Um panorama que não se restringe ao país vizinho. Com efeito, desde que a economia mundial abanou o consumo de antidepressivos aumentou em Portugal, ao mesmo tempo que cresceram os casos de depressão entre os profissionais. Segundo um estudo da Universidade do Porto, as vendas de antidepressivos e estabilizadores de humor bateram recordes desde final do ano passado. “Até Setembro de 2009, venderam-se 6736 milhões de embalagens, representando um crescimento de 3,1% face a igual mês do ano passado”, revela o estudo.

Um consumo que atinge já crianças, mas sobretudo profissionais expostos às exigências do trabalho intensivo e exaustivo. Na verdade, o stresse profissional associado à crise tem feito vítimas um pouco por todo o mundo. O caso mais visível serão, sem dúvida, os 25 suicídios ocorridos entre funcionários da France Telecom nos últimos cerca de dois anos. Mas outros há, ainda que em menor escala. De tal ordem que a revista “Economist” já classificou a infelicidade no trabalho — que cresce a olhos vistos — como a nova epidemia das economias ocidentais.

Na verdade, os receios dos trabalhadores inquiridos pela Randstad espanhola são comuns a tantos outros espalhados pelo mundo inteiro. Não é que tema o peso das responsabilidades. O que temem é ser forçados a tomar posturas como ter de despedir colegas, por exemplo.

De olhos postos na realidade francesa que a partir de Fevereiro de 2010 terá em todas as grandes empresas planos anti-stresse (a medida deverá abranger cerca de 2500 organizações), muitas empresas por todo o mundo estão já a apoiar os seus colaboradores a minimizar o impacto destes tempos mais adversos e mais exigentes sob o ponto de vista laboral.

Portugal não é excepção. Pedro Oliveira, director da Albenture, uma empresa especializada na prestação de serviços de ajuda à conciliação da vida pessoal e laboral, defende que “a palavra crise converteu-se numa obsessão da qual se torna difícil desligar, com reflexos no campo das relações pessoais e laborais”. Diz o especialista que “aumenta a tensão e a irascibilidade, diminui a concentração e o rendimento dos trabalhadores e, o que é pior, afecta a sua qualidade de vida e a saúde, chegando nalguns casos a provocar problemas de saúde como transtornos digestivos, alterações do sono, depressão, irritabilidade ou agressividade”.

Para travar esta onda, o especialista argumenta que muitas empresas têm vindo a recorrer à Albenture para ajudar os seus colaboradores, colocando ao seu dispor especialistas financeiros para os ajudar a reorganizar as suas economias domésticas, ou psicólogos para os ajudar a ultrapassar eventuais estados de stresse, ansiedade ou depressão. Medidas que Pedro Oliveira diz serem muito apreciadas pelos colaboradores.

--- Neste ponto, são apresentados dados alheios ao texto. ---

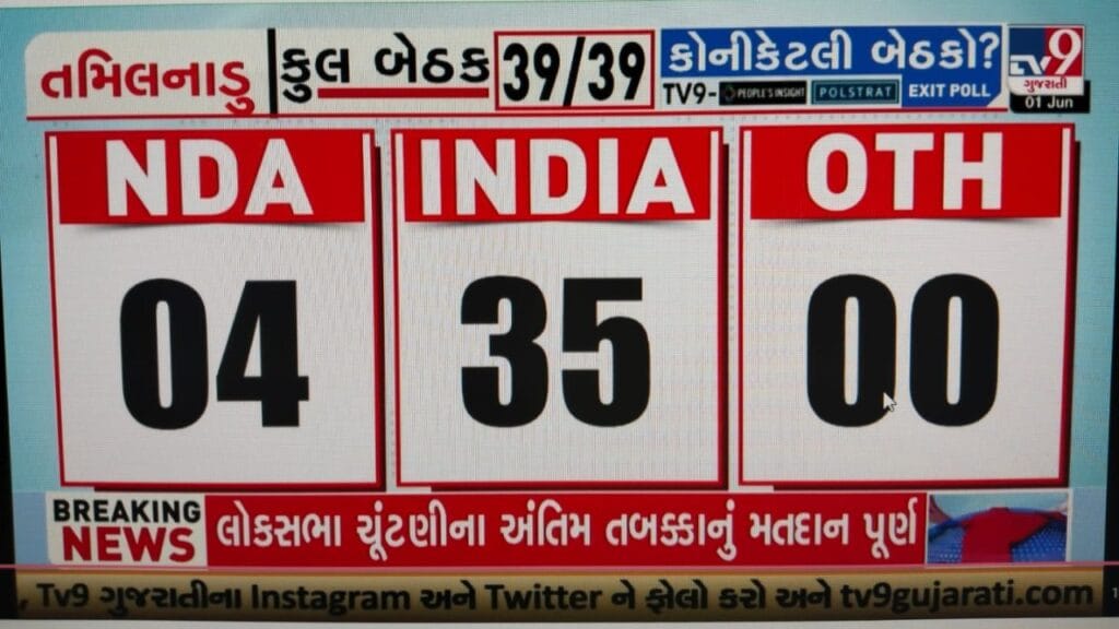 Final Exit Poll 2024 Lok Sabha Election LIVE: એક્ઝિટ પોલના તારણો મુજબ દેશમાં સતત ત્રીજી વાર મોદી સરકાર, TV9ના પોલમાં NDAને 346 બેઠકો મળવાનું અનુમાન

Mas para os psicólogos o papel das empresas e dos gestores tem de ir além disto. Os números não podem e não devem sobrepor-se às pessoas e esta é uma regra que ainda continua a falhar nas políticas de gestão de muitas organizações. O psiquiatra Daniel Sampaio alerta para que as mudanças organizacionais devem ser feitas sempre que necessário, mas devem ter sempre em conta as pessoas. E o especialista vai ainda mais longe, defendendo a necessidade da promoção da saúde mental no seio das empresas, através da criação de unidades de intervenção em crise e de psicólogos nas organizações que estejam aptos a apoiar os colaboradores a gerir qualquer situação disfuncional relacionada com o trabalho.

Virar as costas a um cargo de chefia para se salvaguardar da pressão e do stresse é apenas uma das atitudes possíveis entre os colaboradores. Mas nem mesmo esta postura de salvaguarda está isenta de problemas. É que uma recusa a uma promoção pode ser mal encarada pela chefia e como consequência tazer novos atritos ao colaborador que se vê assim ‘entre a espada e a parede'. Caso para dizer que nos dias que correm, não ter emprego é muito mau, mas colocando os olhos nos exemplos da France Telecom, é bem verdade que ninguém trabalha para morrer.